Abraham dropped us off near a small airstrip, where we were met by Jakes, one of the guides from Mashatu Tented Camp, driving a Toyota Landcruiser.  He immediately asked us which we liked better, the Landrover or the Landcruiser – we told him we would have to reserve judgment until we had spent more time in the Landcruiser.
     The Mashatu Game Reserve adjoins the Tuli Lodge area, but is far larger, around 75,000 acres.  Both are privately owned properties that are part of the greater Northern Tuli Game Reserve, which encompasses the very eastern-most tip of Botswana.  Jakes drove for almost an hour on the bumpy washboard gravel road, and he was moving right along.  At one junction there was an arrow pointing to our turnoff and a handmade sign labeled M1 – a tongue and cheek reference to the major British motorway with the same designation. 

      We drove through the bushveld, across flat barren plains.  After a while the landscape became more rolling, with denser brush and many big trees.  The hillier countryside was beautiful, and we crossed several small rivers.  It seemed to be the Land of the Giraffes; there were two big ones right in the road, and dozens of others along the way.  We were excited about this, because so far we had not spent as much time with giraffes as we would have liked.  

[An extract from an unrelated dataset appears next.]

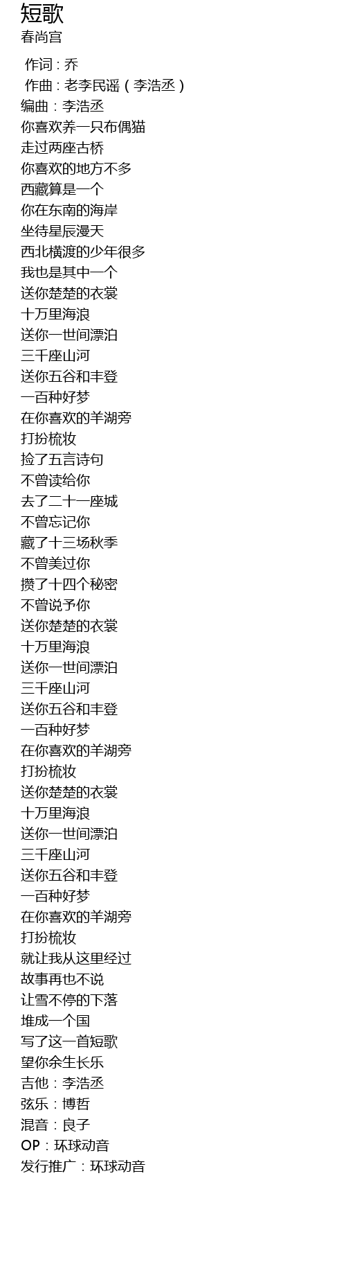 | [00:01.000] | 作曲 : 老李民谣(李浩丞) |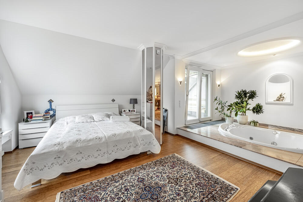 Im Schlafzimmer befindet sich ein modernes Bad en suite mit einer großzügigen, bodentiefen Badewanne, das Komfort und Privatsphäre auf hohem Niveau bietet.

     We arrived at the Mashatu Tented Camp, where we were greeted by an older Motswana gentleman named Congo.  He gave us a welcome drink, and took us up a little path through the woods to Tent Number 1, which would be our home for the next three days.  It was a canvas tent set on a permanent concrete platform, with a small verandah in front and a bathroom and shower out back.  It was very nice, with electricity, running water, decent beds, nightstands, and a dresser.  Congo told us to keep the tent flap zipped tightly to keep the monkeys out, and to put our valuables and toiletry in the dresser drawers in case they got in anyway.  We noticed right away that our tent zipper wouldn’t actually fasten; we hoped this wouldn’t be a problem.
     There was an electric fence around the camp, which we were told would hopefully keep out the elephants, but would not deter lions and hyenas.  We were instructed not to leave our tents during the night.  Each tent room was equipped with an air horn in case of emergency; the information sheet in our rooms said that animals outside your tent do not constitute an emergency; animals in your tent do. 
     We unpacked our bags and went outside to explore.  We paid our respects to a bushbuck that lay in the underbrush just a few feet from our door, unconcerned by our presence.  We went down a path to a gate in the perimeter fence, and then crossed the dry streambed between high protective stone walls to the Hide, a camouflaged shelter built beside a water hole, where one can sit and observe the animals as they come to drink.  There were several serious looking photographers there; we quietly sat down in the empty chairs, and waited and watched.  A herd of impala came down for water; they seemed to sense our presence and were wary at first, but soon seemed to gain confidence from safety in numbers. 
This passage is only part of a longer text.